About this exercise
Shown below are entries with pictures; the line with "崑崙は足首の外くるぶしとアキ" through the line with "모습.(사진=한글과 컴퓨터 제공) |" is the span to retype exactly, and the pictures stay out.

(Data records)
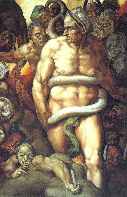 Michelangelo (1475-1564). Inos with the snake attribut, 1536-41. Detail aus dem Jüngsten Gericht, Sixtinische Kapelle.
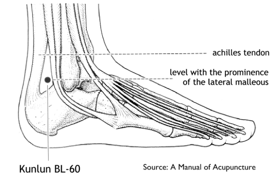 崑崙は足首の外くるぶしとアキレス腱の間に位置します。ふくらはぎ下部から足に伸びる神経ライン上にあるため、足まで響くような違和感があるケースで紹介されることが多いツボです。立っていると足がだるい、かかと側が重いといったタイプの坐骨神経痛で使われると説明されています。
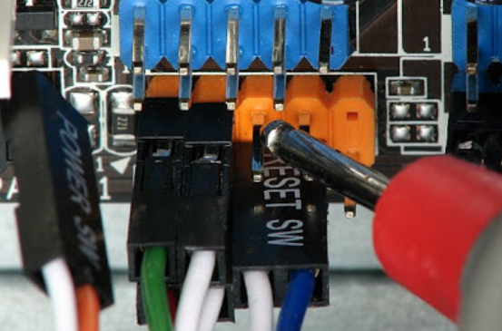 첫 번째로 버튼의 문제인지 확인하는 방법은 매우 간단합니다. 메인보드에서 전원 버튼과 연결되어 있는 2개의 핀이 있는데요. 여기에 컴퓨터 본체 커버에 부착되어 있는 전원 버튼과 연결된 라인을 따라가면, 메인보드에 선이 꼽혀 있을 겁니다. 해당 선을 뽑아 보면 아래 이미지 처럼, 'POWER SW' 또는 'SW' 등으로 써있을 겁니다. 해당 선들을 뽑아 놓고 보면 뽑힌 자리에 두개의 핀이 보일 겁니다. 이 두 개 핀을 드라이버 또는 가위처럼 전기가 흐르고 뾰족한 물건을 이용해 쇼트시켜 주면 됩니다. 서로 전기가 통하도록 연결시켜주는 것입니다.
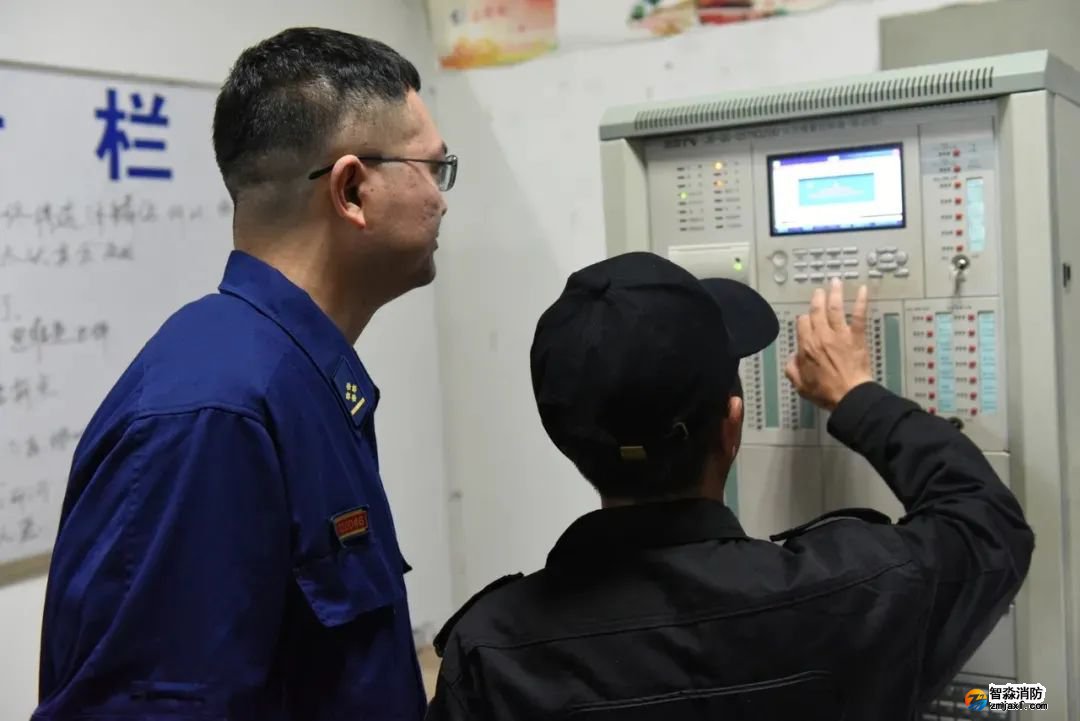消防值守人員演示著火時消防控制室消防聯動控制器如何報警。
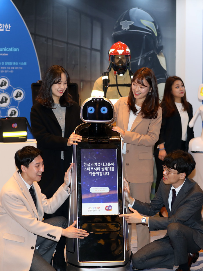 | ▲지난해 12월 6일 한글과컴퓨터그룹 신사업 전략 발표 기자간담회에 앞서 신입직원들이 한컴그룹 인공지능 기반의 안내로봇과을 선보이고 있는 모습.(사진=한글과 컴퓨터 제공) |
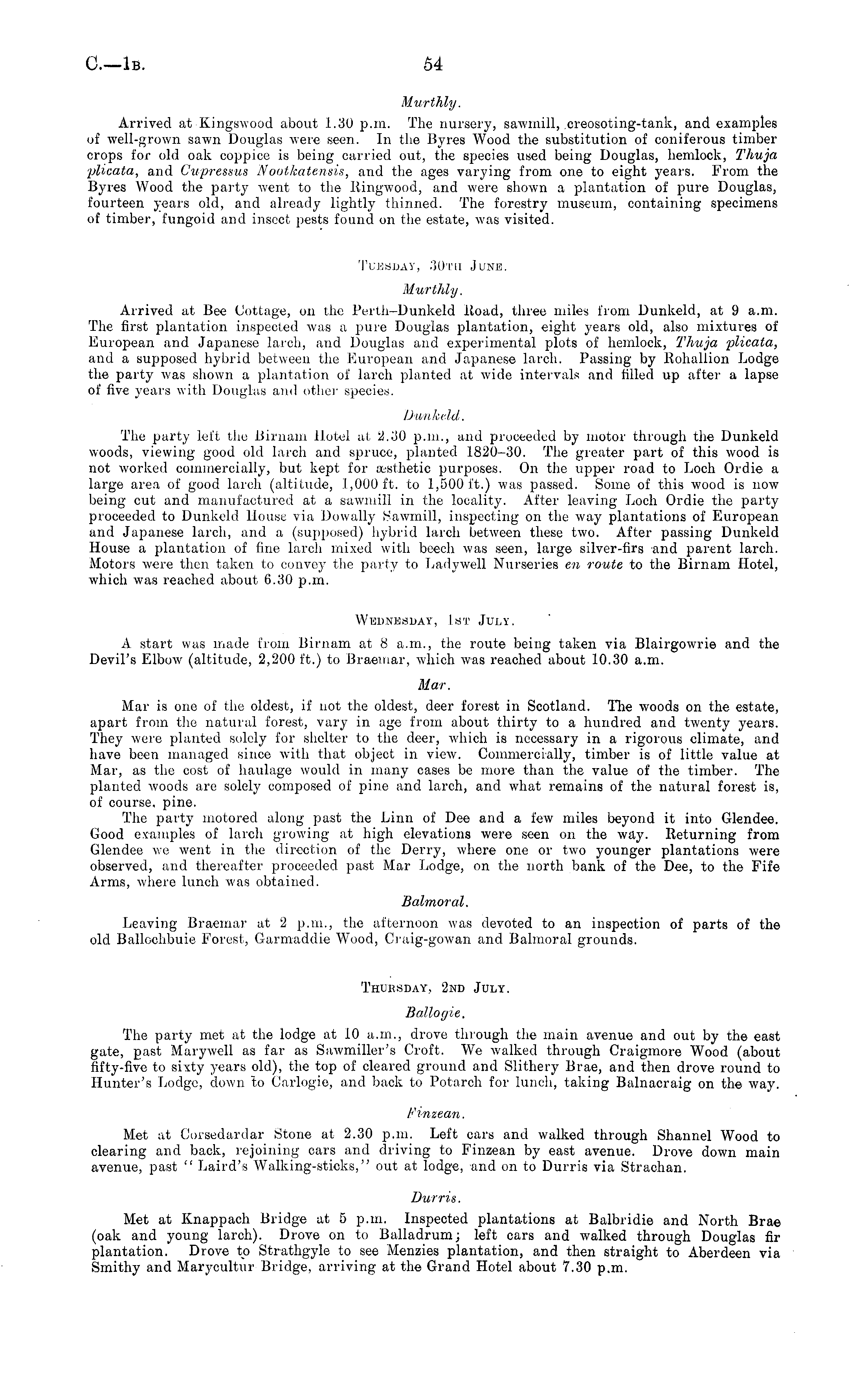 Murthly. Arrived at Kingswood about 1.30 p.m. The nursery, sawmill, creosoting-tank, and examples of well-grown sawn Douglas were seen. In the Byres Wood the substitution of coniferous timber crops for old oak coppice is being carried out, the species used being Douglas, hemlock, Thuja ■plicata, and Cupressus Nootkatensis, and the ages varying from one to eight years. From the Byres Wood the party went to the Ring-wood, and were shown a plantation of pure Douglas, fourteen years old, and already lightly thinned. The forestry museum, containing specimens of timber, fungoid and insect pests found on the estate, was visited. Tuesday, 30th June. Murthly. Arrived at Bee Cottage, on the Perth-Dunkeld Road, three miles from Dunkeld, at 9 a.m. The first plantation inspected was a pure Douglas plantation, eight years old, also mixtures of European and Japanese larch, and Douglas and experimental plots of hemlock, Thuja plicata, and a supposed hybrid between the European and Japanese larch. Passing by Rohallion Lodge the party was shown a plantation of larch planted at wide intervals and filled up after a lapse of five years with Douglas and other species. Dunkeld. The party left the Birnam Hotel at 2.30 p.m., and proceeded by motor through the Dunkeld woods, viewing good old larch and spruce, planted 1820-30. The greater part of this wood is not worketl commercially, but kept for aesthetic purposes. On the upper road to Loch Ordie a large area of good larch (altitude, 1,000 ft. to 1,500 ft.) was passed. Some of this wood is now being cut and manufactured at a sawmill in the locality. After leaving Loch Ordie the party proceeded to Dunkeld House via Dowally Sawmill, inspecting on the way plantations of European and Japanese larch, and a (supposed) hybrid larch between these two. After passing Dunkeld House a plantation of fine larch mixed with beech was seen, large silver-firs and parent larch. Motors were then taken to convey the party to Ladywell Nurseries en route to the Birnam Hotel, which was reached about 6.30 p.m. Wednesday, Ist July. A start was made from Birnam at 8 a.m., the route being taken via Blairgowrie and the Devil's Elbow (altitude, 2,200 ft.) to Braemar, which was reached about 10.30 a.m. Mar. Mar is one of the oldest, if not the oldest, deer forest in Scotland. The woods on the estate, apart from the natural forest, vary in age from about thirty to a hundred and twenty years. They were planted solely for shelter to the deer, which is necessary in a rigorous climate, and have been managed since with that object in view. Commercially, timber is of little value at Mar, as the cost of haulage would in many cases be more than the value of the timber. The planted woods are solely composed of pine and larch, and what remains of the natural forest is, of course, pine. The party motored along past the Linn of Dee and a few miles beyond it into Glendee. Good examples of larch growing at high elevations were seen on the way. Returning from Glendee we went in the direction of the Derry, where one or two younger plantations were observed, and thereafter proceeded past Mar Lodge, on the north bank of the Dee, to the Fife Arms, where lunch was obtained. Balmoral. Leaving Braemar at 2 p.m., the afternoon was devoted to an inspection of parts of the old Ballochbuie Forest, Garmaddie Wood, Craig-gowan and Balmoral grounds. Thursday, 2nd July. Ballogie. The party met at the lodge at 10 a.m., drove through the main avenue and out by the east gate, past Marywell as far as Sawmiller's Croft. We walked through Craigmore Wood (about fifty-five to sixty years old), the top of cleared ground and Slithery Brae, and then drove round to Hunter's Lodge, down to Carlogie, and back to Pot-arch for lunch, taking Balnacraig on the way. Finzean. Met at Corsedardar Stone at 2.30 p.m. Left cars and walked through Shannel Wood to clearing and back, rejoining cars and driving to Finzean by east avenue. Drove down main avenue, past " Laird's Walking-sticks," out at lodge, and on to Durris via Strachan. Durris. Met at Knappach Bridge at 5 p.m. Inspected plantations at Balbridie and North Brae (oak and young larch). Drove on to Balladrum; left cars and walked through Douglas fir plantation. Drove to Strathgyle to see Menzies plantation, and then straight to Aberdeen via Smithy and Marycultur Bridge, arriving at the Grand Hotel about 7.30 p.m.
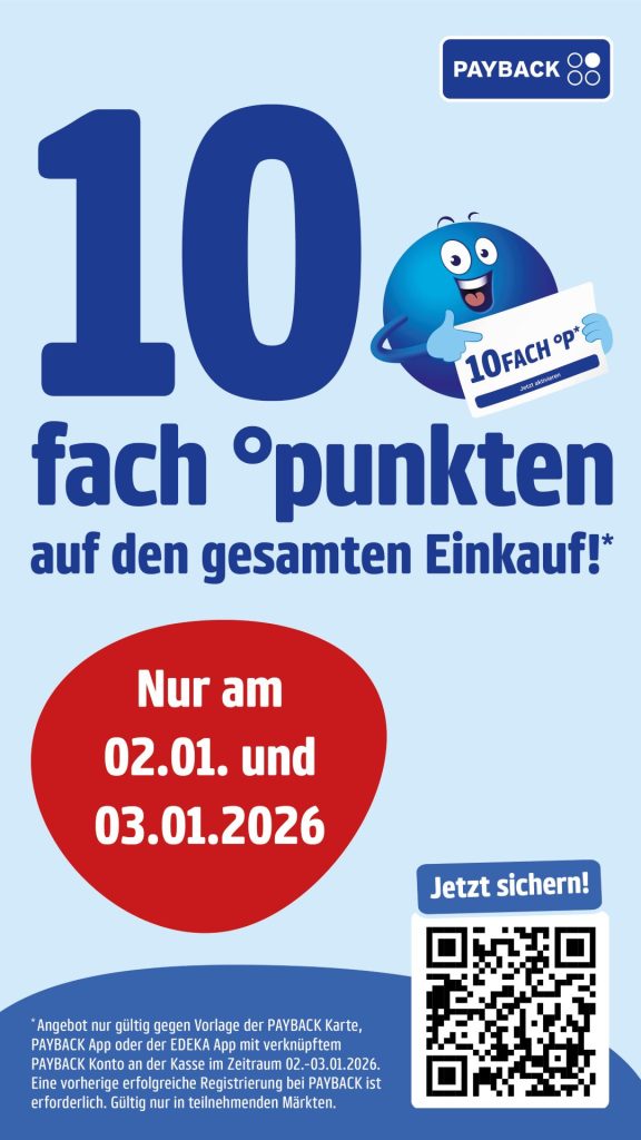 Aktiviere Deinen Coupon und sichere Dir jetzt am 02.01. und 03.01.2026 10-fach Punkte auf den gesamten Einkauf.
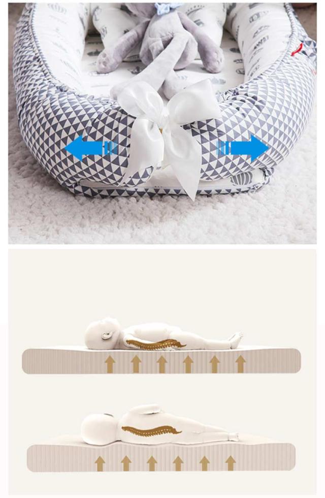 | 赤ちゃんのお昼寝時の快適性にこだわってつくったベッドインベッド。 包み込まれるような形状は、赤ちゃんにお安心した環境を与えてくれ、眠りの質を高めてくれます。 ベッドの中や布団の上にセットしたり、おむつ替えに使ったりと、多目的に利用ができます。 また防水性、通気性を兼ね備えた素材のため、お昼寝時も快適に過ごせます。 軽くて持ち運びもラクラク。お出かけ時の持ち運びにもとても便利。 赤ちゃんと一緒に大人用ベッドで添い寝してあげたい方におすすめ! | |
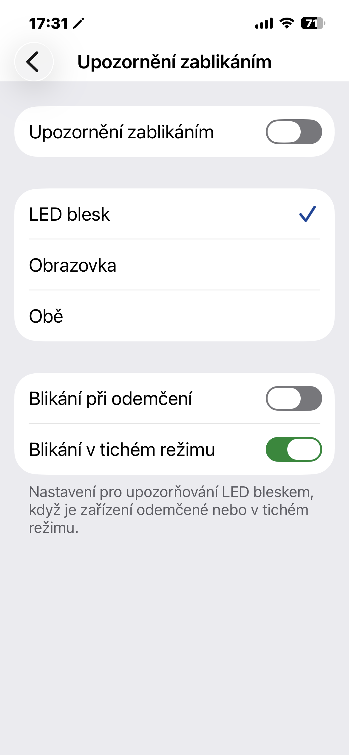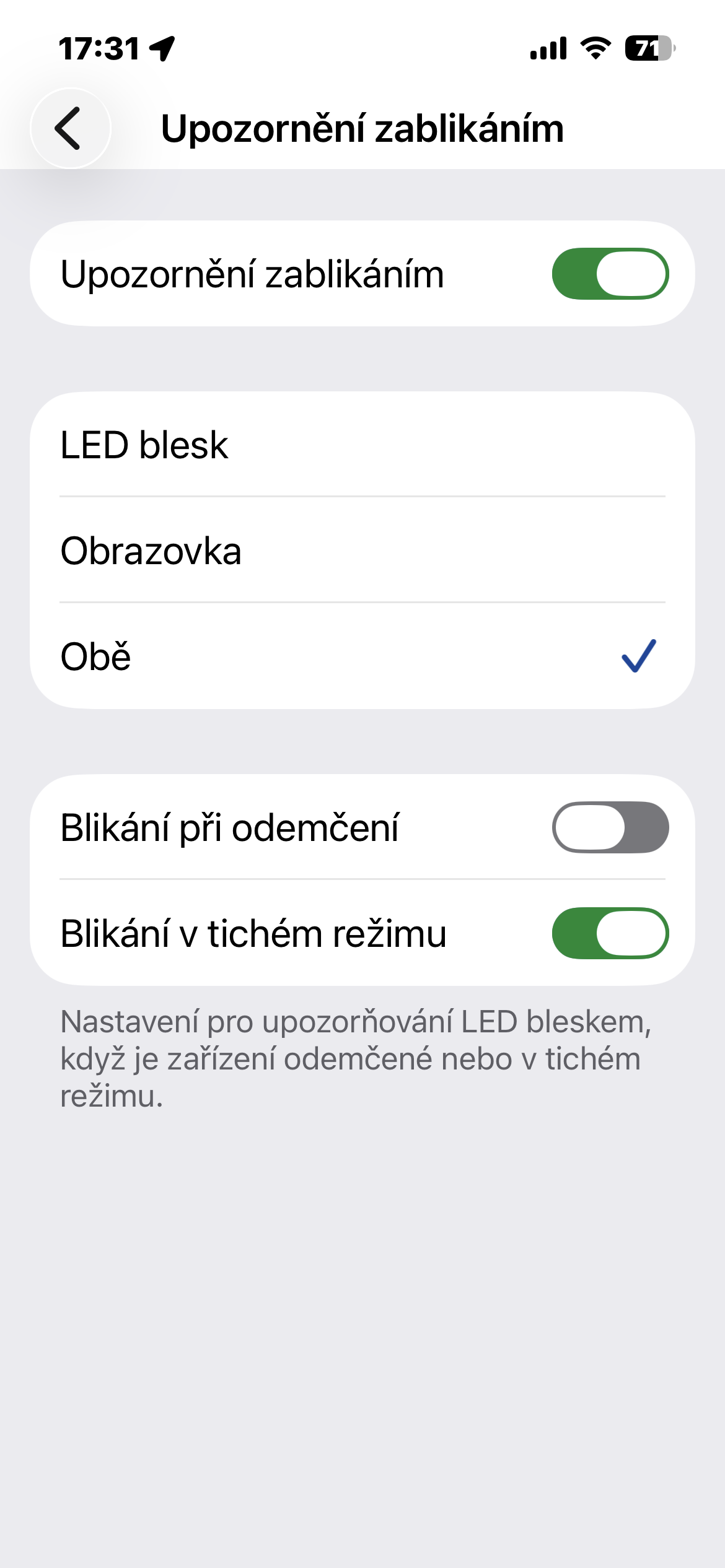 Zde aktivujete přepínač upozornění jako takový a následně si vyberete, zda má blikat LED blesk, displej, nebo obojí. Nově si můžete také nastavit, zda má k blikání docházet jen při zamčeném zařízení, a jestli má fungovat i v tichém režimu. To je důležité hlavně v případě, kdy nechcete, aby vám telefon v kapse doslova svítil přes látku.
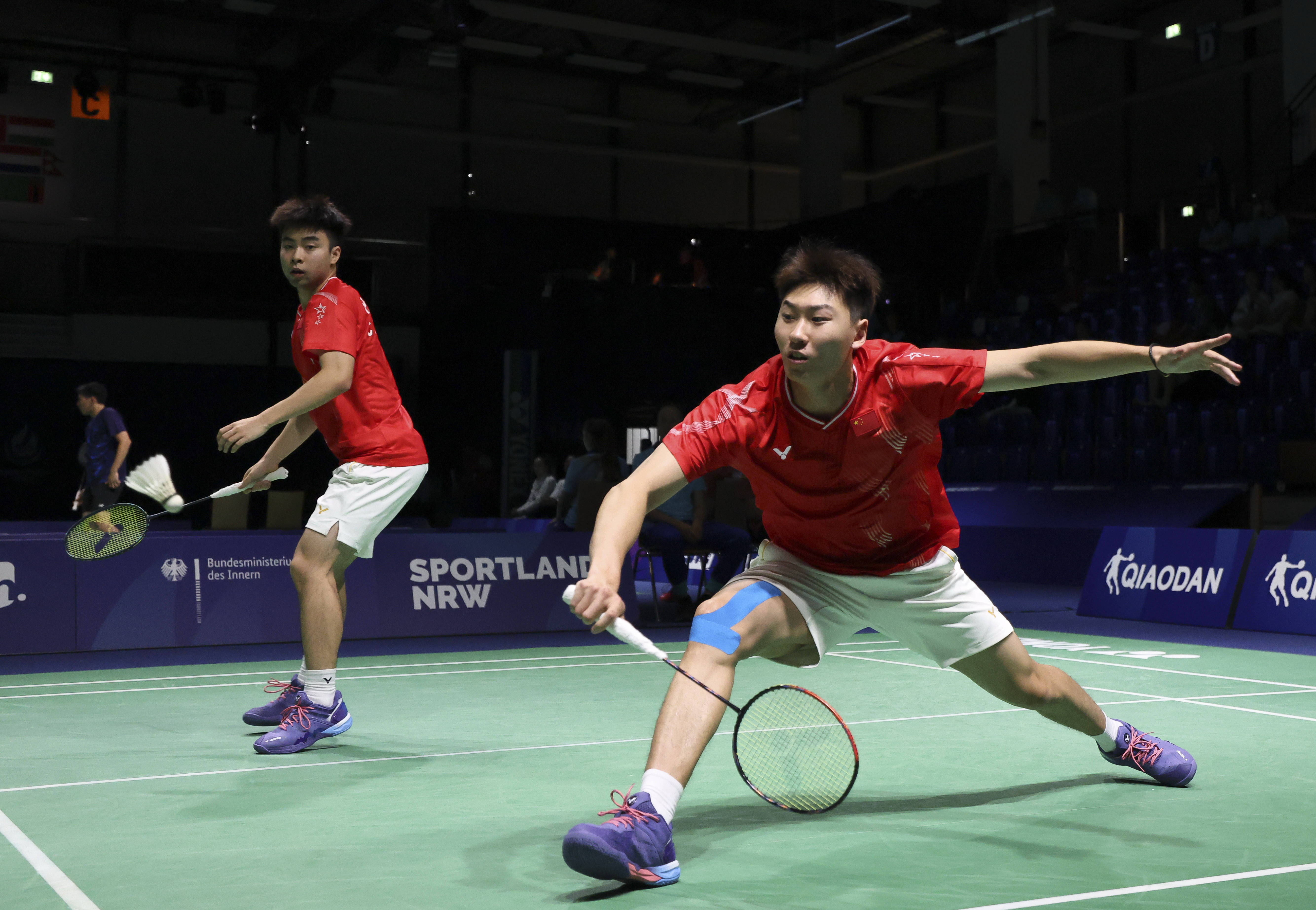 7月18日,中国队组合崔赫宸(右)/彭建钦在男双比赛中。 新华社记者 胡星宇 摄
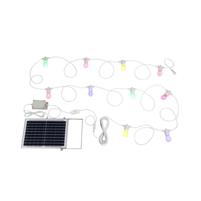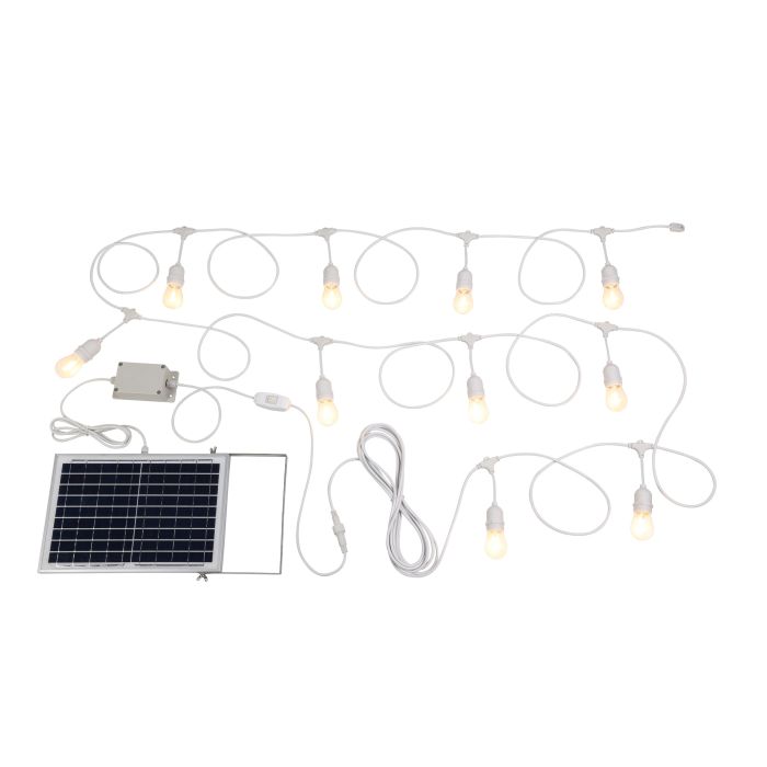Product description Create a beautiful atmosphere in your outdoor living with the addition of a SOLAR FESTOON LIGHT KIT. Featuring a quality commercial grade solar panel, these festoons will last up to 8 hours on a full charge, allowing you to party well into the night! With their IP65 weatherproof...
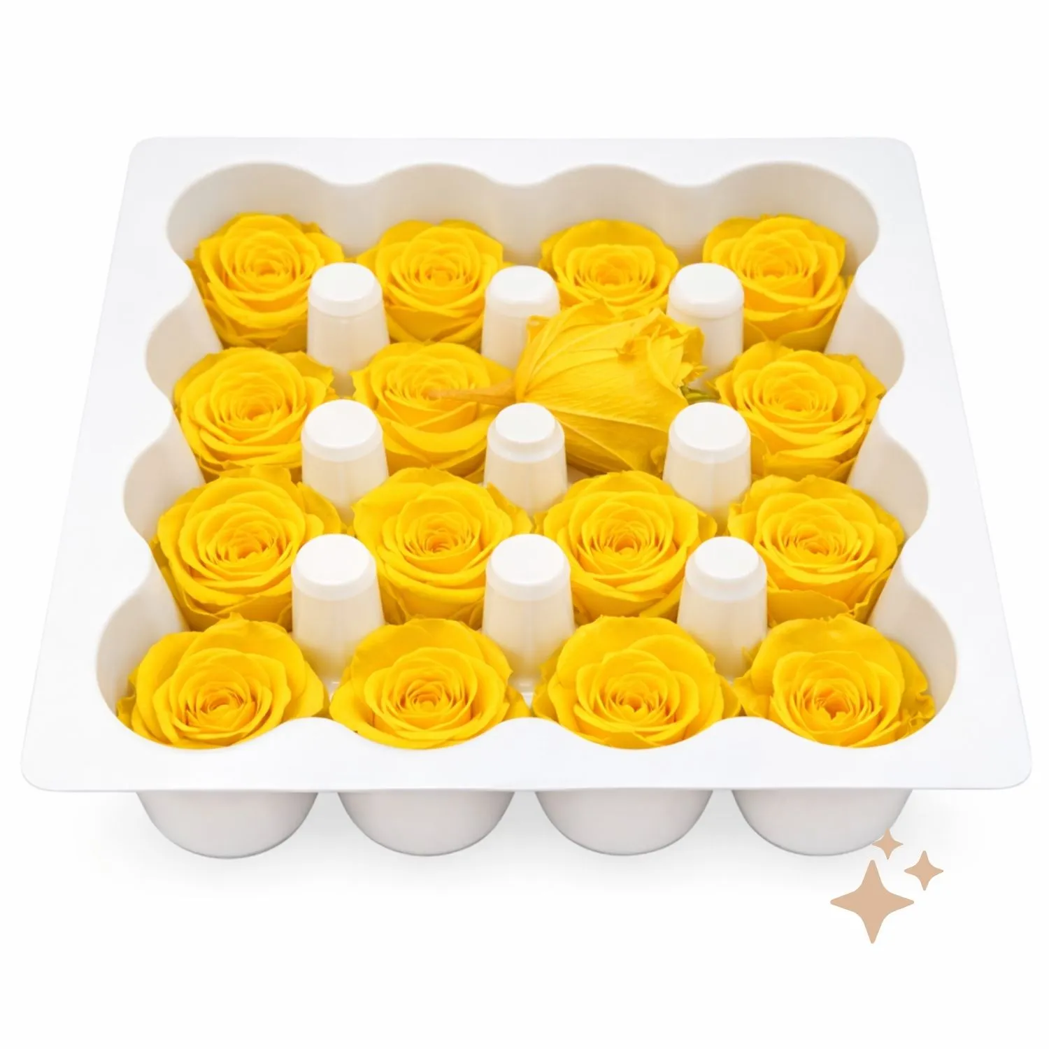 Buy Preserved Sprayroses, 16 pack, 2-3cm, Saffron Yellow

Solution below
 崑崙は足首の外くるぶしとアキレス腱の間に位置します。ふくらはぎ下部から足に伸びる神経ライン上にあるため、足まで響くような違和感があるケースで紹介されることが多いツボです。立っていると足がだるい、かかと側が重いといったタイプの坐骨神経痛で使われると説明されています。
 첫 번째로 버튼의 문제인지 확인하는 방법은 매우 간단합니다. 메인보드에서 전원 버튼과 연결되어 있는 2개의 핀이 있는데요. 여기에 컴퓨터 본체 커버에 부착되어 있는 전원 버튼과 연결된 라인을 따라가면, 메인보드에 선이 꼽혀 있을 겁니다. 해당 선을 뽑아 보면 아래 이미지 처럼, 'POWER SW' 또는 'SW' 등으로 써있을 겁니다. 해당 선들을 뽑아 놓고 보면 뽑힌 자리에 두개의 핀이 보일 겁니다. 이 두 개 핀을 드라이버 또는 가위처럼 전기가 흐르고 뾰족한 물건을 이용해 쇼트시켜 주면 됩니다. 서로 전기가 통하도록 연결시켜주는 것입니다.
消防值守人員演示著火時消防控制室消防聯動控制器如何報警。
 | ▲지난해 12월 6일 한글과컴퓨터그룹 신사업 전략 발표 기자간담회에 앞서 신입직원들이 한컴그룹 인공지능 기반의 안내로봇과을 선보이고 있는 모습.(사진=한글과 컴퓨터 제공) |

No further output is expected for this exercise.